# becoming famous...



## MedGrunt (Feb 21, 2007)

so...i've noticed that i'm currently "on a distinguished path" and really wanted to know if i'd ever make it to the "soon to be famous" status. does it change after a certain number of posts?
if so...i'm willing to put in the hard work and double, heck even triple post as much as necessary!!

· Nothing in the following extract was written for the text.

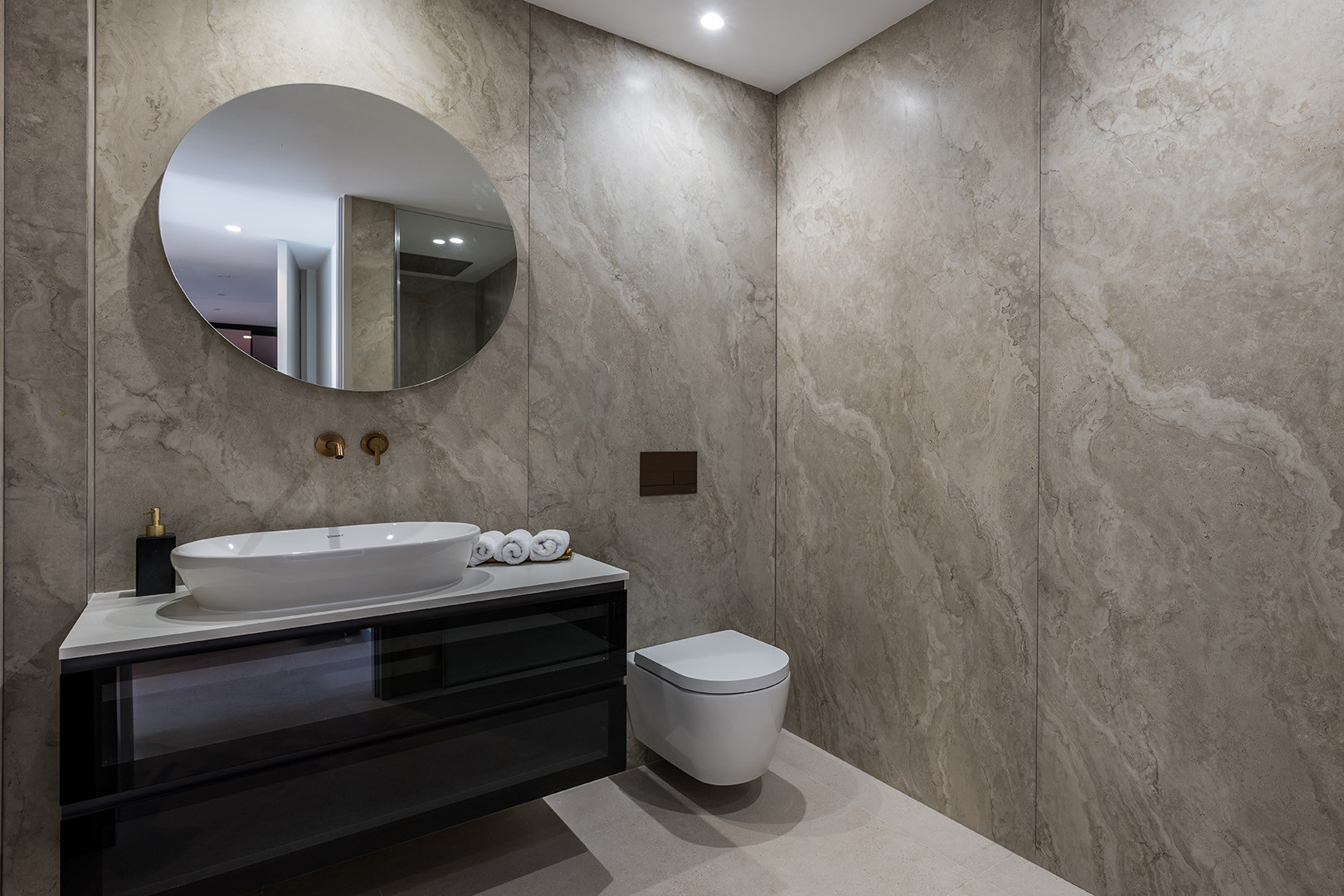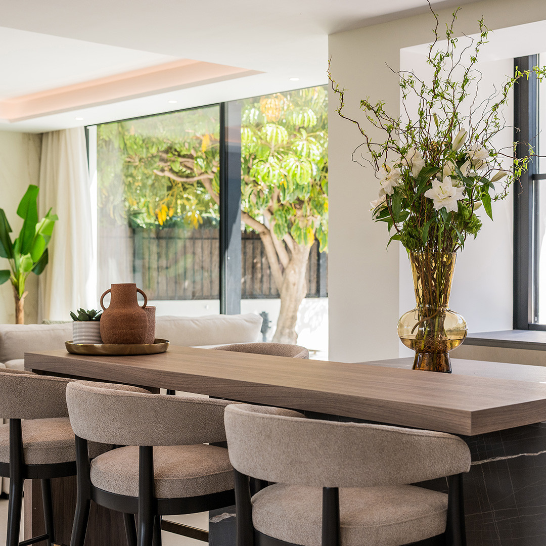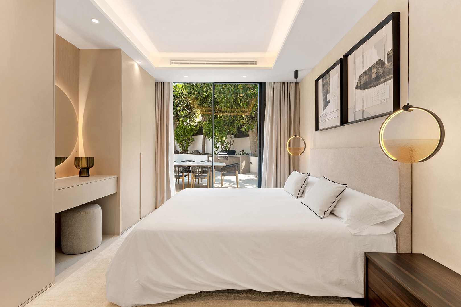 Resting on a generous plot of 882m² with a built area of 442m², this home reveals an impeccably designed layout of four spacious bedrooms, all boasting en-suite bathrooms, alongside two additional guest toilets. The master suite is a true retreat, featuring a free-standing bathtub and double vanity basin. The expansive open-plan living and dining area benefits from large ceiling-height windows, flooding the space with natural light and maximising panoramic views of the iconic La Concha Mountain and the surrounding golf courses. Designed for seamless indoor-outdoor living, the kitchen comes fully equipped and transitions perfectly to a series of covered and uncovered terraces, inviting residents to enjoy Marbella’s superb climate and refined lifestyle to the full.

oh by the way i like the new color coding for the mod names. good attention to detail on this site. top notch mates.


----------



## Natacha (Feb 19, 2006)

_Thanks! _
_Don't mind me, just having a little fun with the font here..._
_Anyway, sure, the extra posts will surely get you noticed. So post away, just make certain that you dont repeat your post and you should do just fine!_


----------



## Sadia (May 19, 2006)

medgrunt join saira's n my blog ul surely become famous...we alreadyhave a fan base...


----------



## docsak03 (Dec 22, 2006)

Sadia said:


> medgrunt join saira's n my blog ul surely become famous...we alreadyhave a fan base...


 

not sure about the fan base but u 2 definitely have bcome famous ... but then who wudnt if all they did was talk to each other on a public forum ...


----------



## Sadia (May 19, 2006)

yes of course our lives revolve around this forum..thank you for such a pleasent reminder


----------



## Saira (Feb 26, 2007)

Awww... Doc. We're not cleakie! We'll talk to you aswel... happy now? Now lets see that big teethy smile! We're all friends here.


----------



## docsak03 (Dec 22, 2006)

#grin


----------



## Sadia (May 19, 2006)

thass a goood boy!


----------



## docsak03 (Dec 22, 2006)

lol ...


----------



## Saira (Feb 26, 2007)

Great knashers, did u have braces?


----------



## docsak03 (Dec 22, 2006)

talkin to me ?


----------



## Saira (Feb 26, 2007)

You were the smiler right?


----------



## docsak03 (Dec 22, 2006)

no never had braces .. last time i went to the dentist was when i was in 8th grade and he said i needed some ... never went back ..


----------



## Saira (Feb 26, 2007)

Oh no not another 'Dentist-phobe'. Why didnt you go back?


----------



## docsak03 (Dec 22, 2006)

never felt the need .... one of my friends is a dentist now and he told me that i dont need to go to one at the moment ..


----------



## Saira (Feb 26, 2007)

Thats because he's your friend, and is no mood of handing out freebies right now #wink


----------



## docsak03 (Dec 22, 2006)

rofl ...


----------



## Sadia (May 19, 2006)

saira beti go 2 sleep...


----------



## Saira (Feb 26, 2007)

lol 'beti'? Hahaha lets make a torch.


----------



## Sadia (May 19, 2006)

ssshhhhhhh thats a secret!


----------



## Saira (Feb 26, 2007)

Dont be in the persuit of fame, be in the pursuit pf happiness, all else will follow my rabbit friend!


----------



## Saira (Feb 26, 2007)

Be honest did I just sound like Bruce Lee?


----------



## docsak03 (Dec 22, 2006)

bruce lee wud be more like ... be like water, water takes the shape of everything, put it in a glass and it becomes the glass .. thats from his lost interview about the jeet kune do ...


----------



## Saira (Feb 26, 2007)

lol... I can be bribed with swiss chocolate. Any takers?


----------



## MedGrunt (Feb 21, 2007)

haha you guys are hillarious.

and if someones bribing people with chocolate...pass some my way!


----------



## Saira (Feb 26, 2007)

Oh my Gawd! I just finished half a box od Lindt classics. They were too nice, but now I feel a bit gross. Hmm, maybe the other half should help! These are the best chocolates in the world, hands down! Or maybe thorntons milk chocolate bar...i dunno.


----------



## Sadia (May 19, 2006)

thorntons...


----------



## Saira (Feb 26, 2007)

Ummm Cappucino honeysuckle!


----------



## talib (Feb 22, 2011)

currently "a jewel in the rough" , awesomeness! I feel accomplished! No seriously, I get super-duper excited


----------



## Ph.Krauss (Nov 29, 2011)

How exactly does your member rank go up in this forum? Tried the FAQ section, didn't find one.


----------